Problem
Give back every line of the data exactly. Pictures are not part of the copy.

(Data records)
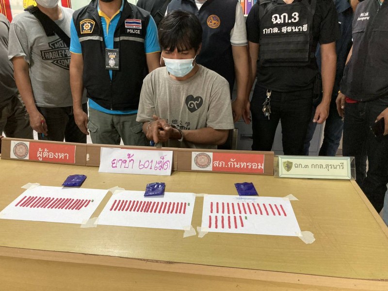 - เวลา 15.00 น. ได้ร่วมกันจับกุมตัว นายวิชาญ สีดาพันธ์ อายุ 31 ปี บ้านเลขที่ 98 ม.7 ต.โพธิ์กระสังข์ อ.ขุนหาญ จ.ศรีสะเกษ พร้อมด้วยของกลาง เป็นยาเสพติดประเภท 1(ยาบ้า) ลักษณะเม็ดสีส้ม จำนวน 595 เม็ด และลักษณะเม็ดสีเขียว จำนวน 6 เม็ด รวมยาบ้าทั้งหมด 601 เม็ด และผลตรวจปัสสาวะเป็นบวกจากโรงพยาบาลขุนหาญ
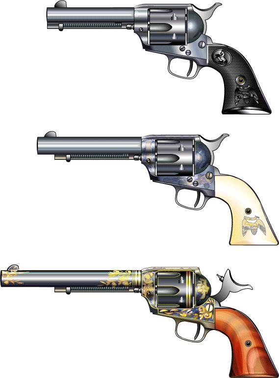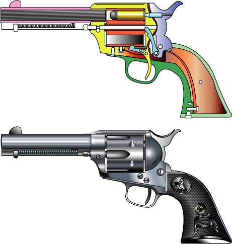 S&W 社の特許のおかげで金属薬莢式Gun を作れなかった。その間コンバージョンキットで凌いでいた。 世は南北戦争も終わり安定した東部から西を目指し大開拓時代の到来であった。 トライアルでS&W モデル3を降し陸軍制式拳銃となり20年間維持し続けた。ネイティブアメリカンとの 戦い、無法者の鎮圧などで世間ではピースメーカーと呼ばれた。 イラストは、のちの無煙火薬用強化フレームタイプ(ネジがある)。 |
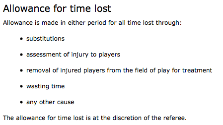 Some of the other situations laid out in Law 7 are pretty straight forward. Injuries or the assessment of injuries are counted from the time the stoppage occurs until play resumes, either because the player is fit or because he’s taken off the pitch.
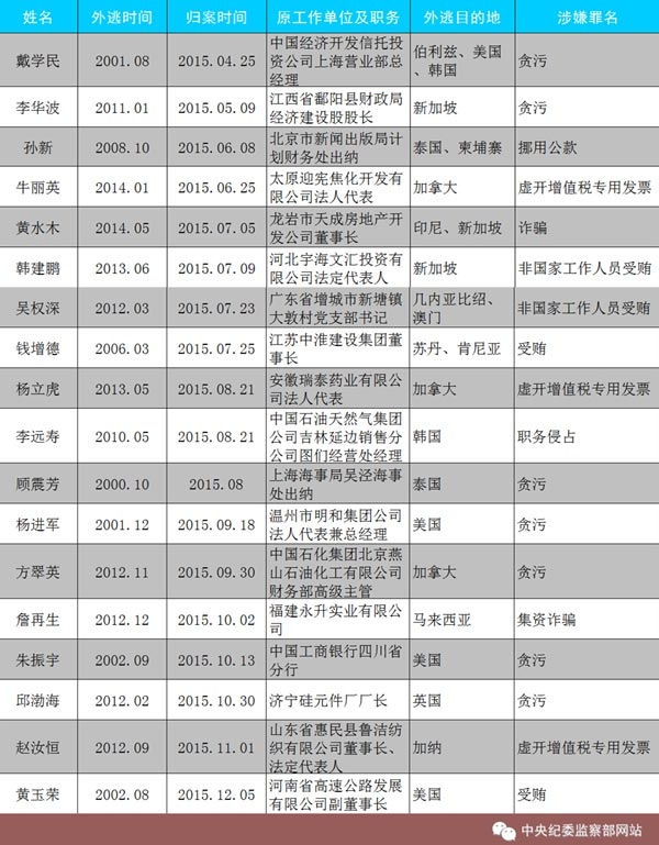 2015年“百名紅通”到案的18人中,“一把手”比例超過一半
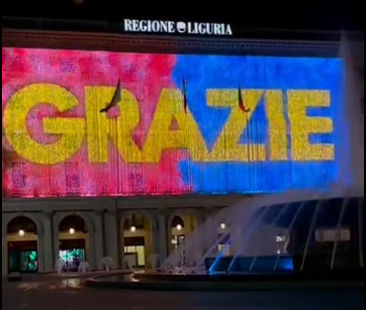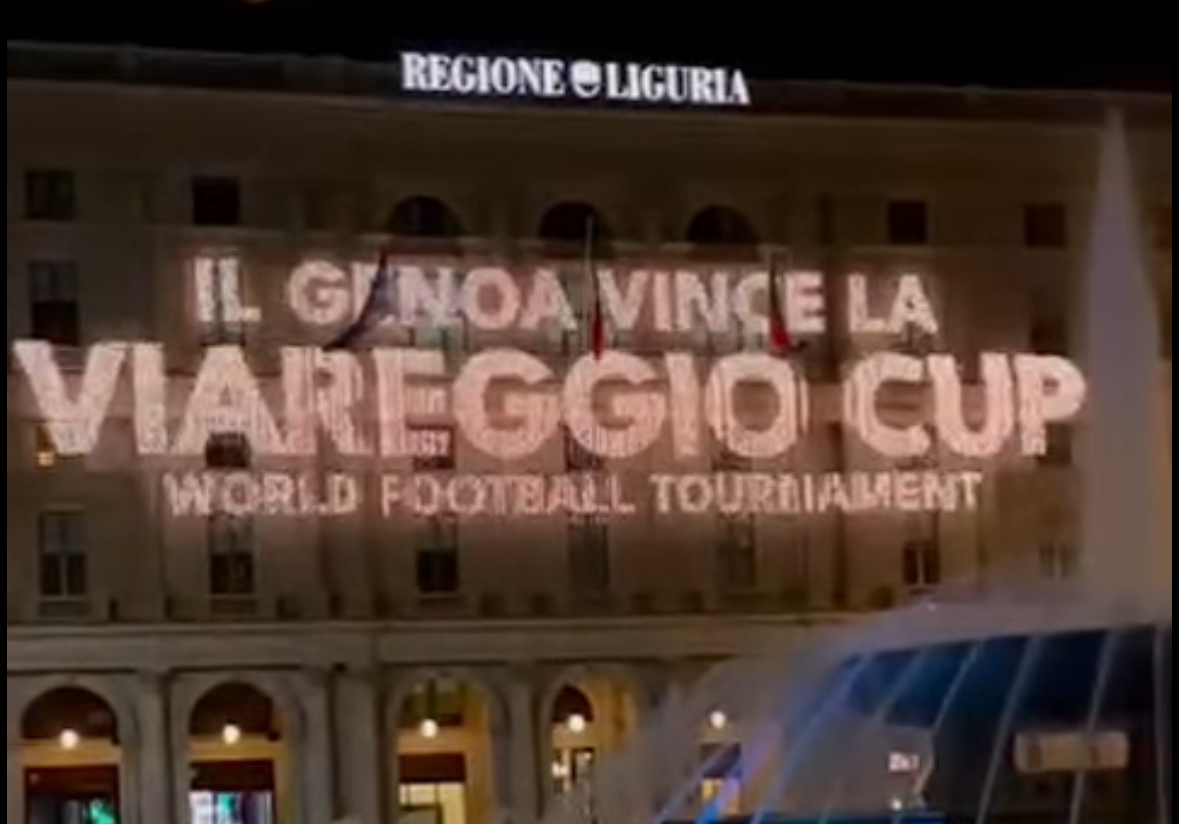 Tra la giornata di ieri e quella di oggi sono arrivati tantissimi complimenti dal mondo Genoa per l’Under 18 di mister Ruotolo, vincente nella 75° edizione della Viareggio Cup. I complimenti sono arrivati da tutto il mondo rossoblù. Nella serata odierna, poi, anche la Regione Liguria ha voluto omaggiare i ragazzi di mister Ruotolo e il Genoa con un breve video comparso sulla facciata del Palazzo della Regione in Piazza De Ferrari. “Il Genoa vince la Viareggio Cup World Football Tournament. GRAZIE GRIFONCINI” si legge nel messaggio.
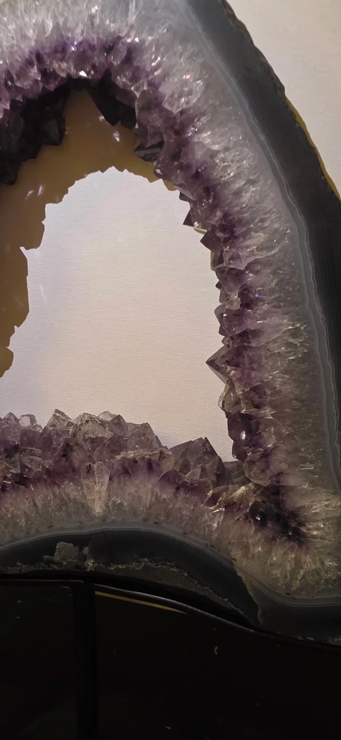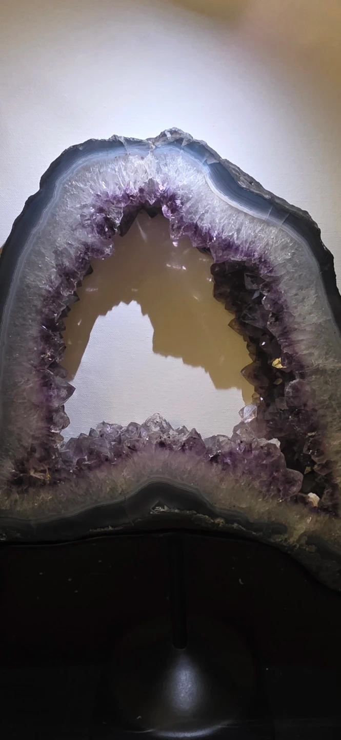 Bring the magic of the earth into your space with this gorgeous amethyst cathedral geode! Standing about 1 foot tall and wide, this 13.5-pound natural beauty features deep purple crystals and striking agate banding. Perfect for home décor, meditation, or as a unique statement piece. Elevate your space with this timeless treasure!
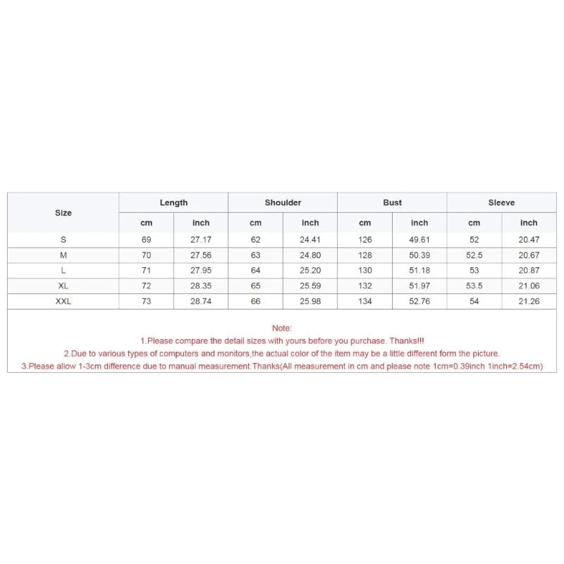 Taille : M Longueur : 70 cm (27,56 pouces) Épaules : 63 cm (24,80 pouces) Poitrine : 128 cm (50,39 pouces) Manches : 52,5 cm (20,67 pouces)

Worked solution
 - เวลา 15.00 น. ได้ร่วมกันจับกุมตัว นายวิชาญ สีดาพันธ์ อายุ 31 ปี บ้านเลขที่ 98 ม.7 ต.โพธิ์กระสังข์ อ.ขุนหาญ จ.ศรีสะเกษ พร้อมด้วยของกลาง เป็นยาเสพติดประเภท 1(ยาบ้า) ลักษณะเม็ดสีส้ม จำนวน 595 เม็ด และลักษณะเม็ดสีเขียว จำนวน 6 เม็ด รวมยาบ้าทั้งหมด 601 เม็ด และผลตรวจปัสสาวะเป็นบวกจากโรงพยาบาลขุนหาญ
 S&W 社の特許のおかげで金属薬莢式Gun を作れなかった。その間コンバージョンキットで凌いでいた。 世は南北戦争も終わり安定した東部から西を目指し大開拓時代の到来であった。 トライアルでS&W モデル3を降し陸軍制式拳銃となり20年間維持し続けた。ネイティブアメリカンとの 戦い、無法者の鎮圧などで世間ではピースメーカーと呼ばれた。 イラストは、のちの無煙火薬用強化フレームタイプ(ネジがある)。 |
 Some of the other situations laid out in Law 7 are pretty straight forward. Injuries or the assessment of injuries are counted from the time the stoppage occurs until play resumes, either because the player is fit or because he’s taken off the pitch.
 2015年“百名紅通”到案的18人中,“一把手”比例超過一半
 Tra la giornata di ieri e quella di oggi sono arrivati tantissimi complimenti dal mondo Genoa per l’Under 18 di mister Ruotolo, vincente nella 75° edizione della Viareggio Cup. I complimenti sono arrivati da tutto il mondo rossoblù. Nella serata odierna, poi, anche la Regione Liguria ha voluto omaggiare i ragazzi di mister Ruotolo e il Genoa con un breve video comparso sulla facciata del Palazzo della Regione in Piazza De Ferrari. “Il Genoa vince la Viareggio Cup World Football Tournament. GRAZIE GRIFONCINI” si legge nel messaggio.
 Bring the magic of the earth into your space with this gorgeous amethyst cathedral geode! Standing about 1 foot tall and wide, this 13.5-pound natural beauty features deep purple crystals and striking agate banding. Perfect for home décor, meditation, or as a unique statement piece. Elevate your space with this timeless treasure!
 Taille : M Longueur : 70 cm (27,56 pouces) Épaules : 63 cm (24,80 pouces) Poitrine : 128 cm (50,39 pouces) Manches : 52,5 cm (20,67 pouces)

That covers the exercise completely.